■ Exercise brief:
Only the lines from the start of the entries through the line with "Su sovracoperta di" should be returned, each exactly as it stands, and no pictures.

[[ The data, beginning ]]

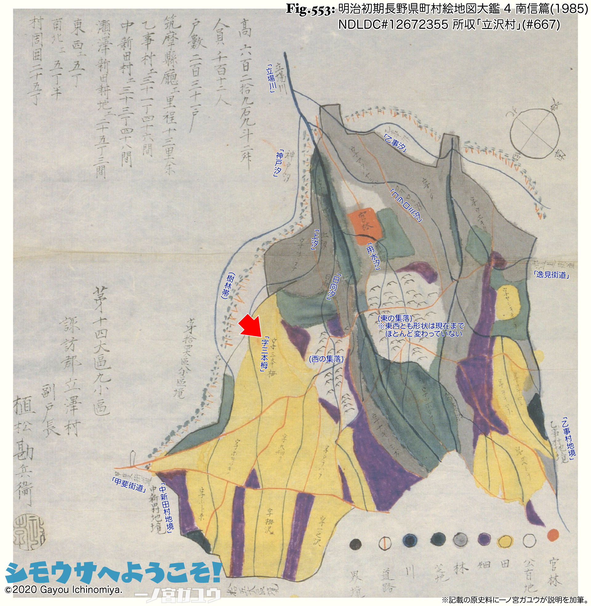 『富士見町史 上巻』(1991) で略図上に相当する位置が示され、郡村誌付帯の立沢村絵図にも同じような位置に「字三本栂」がある。
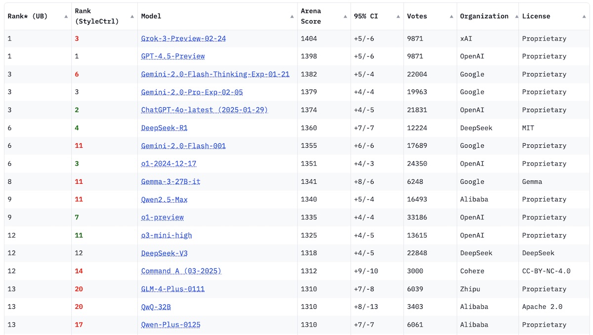 Voici les 10 modèles d’IA les plus performants en mars 2025, selon la Chatbot Arena :
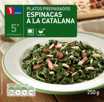 Espinacas a la catalana: Plato tradicional a base de espinacas, bacón, pasas y piñones, que está listo en tan sólo 4 minutos en el microondas. Pack 250g. PVP: 2,5€. Sólo se comercializa en Cataluña
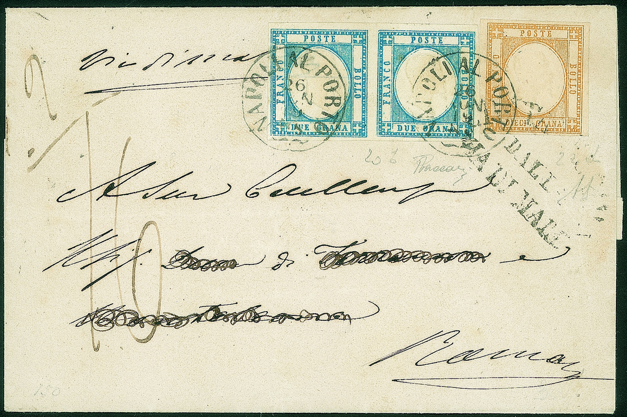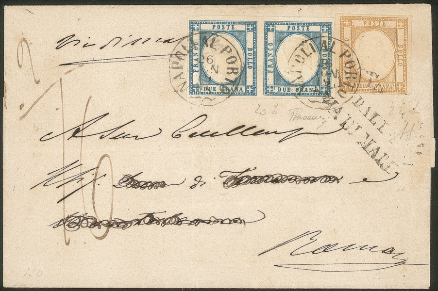 Su sovracoperta di lettera da Napoli 26.11.1861 a Roma - bollo via di mare di Civitavecchia coannullatore - tassata 16 bajocchi - molto fresca e di ottimo aspetto - Firma A.Diena
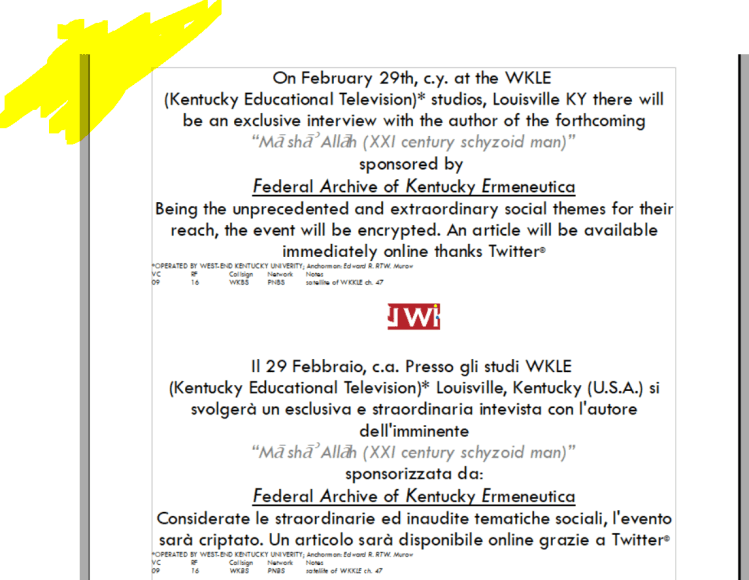 /On the sidelines of the unusual and exceptional event that took place in the United States on the occasion of the presentation of the essay “Mā shāʾ Allāh (XXI century schyzoid man)” and of which the partial and significant transcription will follow, the brief notes that the interviewee (the undersigned) and the delegation of the (virtual) intellectuals who arrived have clearly expressed how effective it is for the understanding of the interview itself or, better to specify, of the event, given the exclusivity of this abnormal rather than anomalous form. Based on a perspective commonly called “fake” (in Italian “false”) the expressive modality has certainly been altered but, in this case, the awareness of articulating the meaningful context of real and verified conditions, the lie becomes a means, tool and expedient at the same time; identifying oneself in the mystifying plot represented for this case an identification technique: an antidote capable of exhuming a reality compromised by the powers that hold it hostage, and a vital pride that rejects the paralyzed intellectual world and its unaware followers, the ignorant actors who populate virtual media. It does not matter if a certain theatricality as a waste of energy for this text is intended to be recognized, it does not matter if the fiction delivers a vulgar accent: the words that follow you will have to contrast with the same coin that was given to you as a gift. Enjoy the reading.*
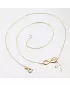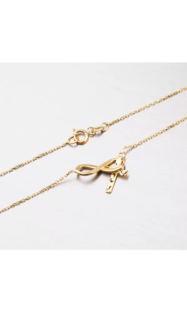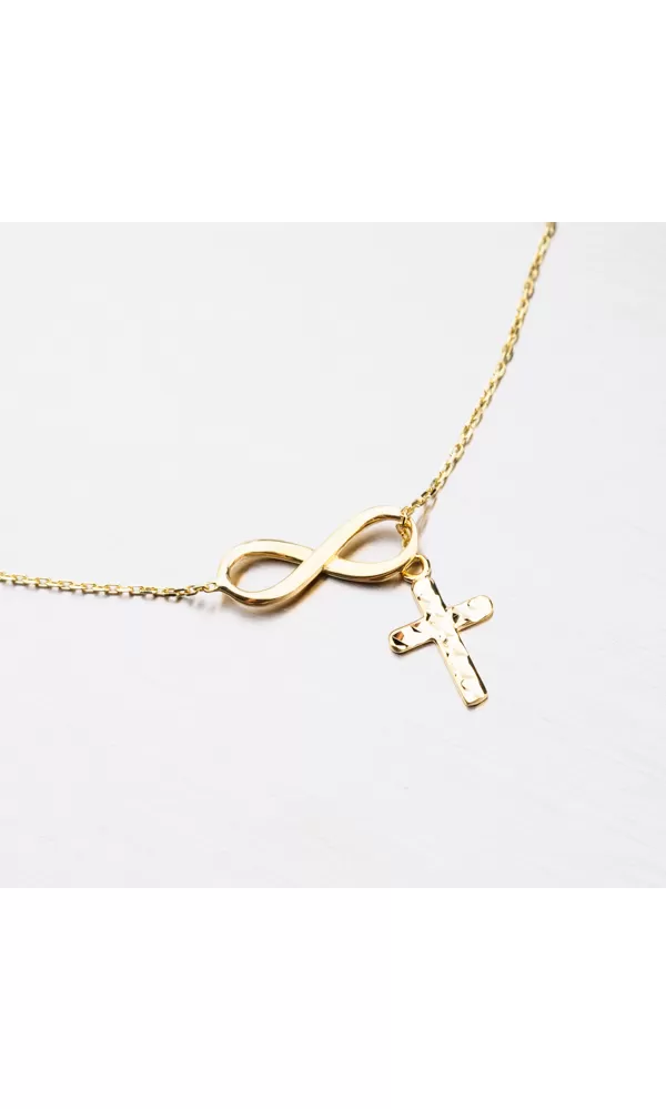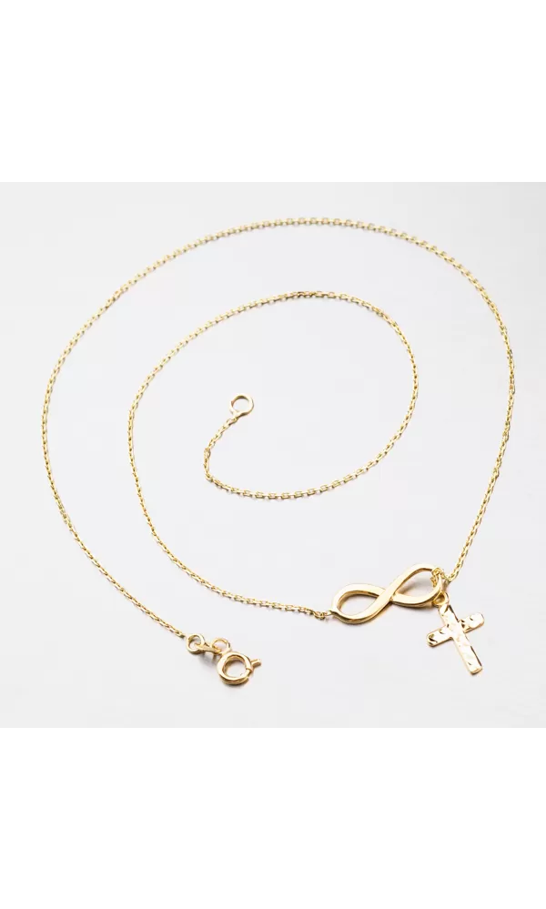 Zaujmite originálnym šperkom. Tento náhrdelník je zložený z dvoch retiazok, ktoré majú spoločné zapínanie na perový krúžok. Jeden z retiazok zdobí ležatá osmička alebo nekonečno a druhú retiazku má ako prívesok zlatý kríž, ktorý je zdobený gravírovaním. Zlatý krížik je prevlečený cez očko ležaté osmičky a voľne visí do dekoltu.

[[ The data, end ]]

■ Reply:
 『富士見町史 上巻』(1991) で略図上に相当する位置が示され、郡村誌付帯の立沢村絵図にも同じような位置に「字三本栂」がある。
 Voici les 10 modèles d’IA les plus performants en mars 2025, selon la Chatbot Arena :
 Espinacas a la catalana: Plato tradicional a base de espinacas, bacón, pasas y piñones, que está listo en tan sólo 4 minutos en el microondas. Pack 250g. PVP: 2,5€. Sólo se comercializa en Cataluña
 Su sovracoperta di lettera da Napoli 26.11.1861 a Roma - bollo via di mare di Civitavecchia coannullatore - tassata 16 bajocchi - molto fresca e di ottimo aspetto - Firma A.Diena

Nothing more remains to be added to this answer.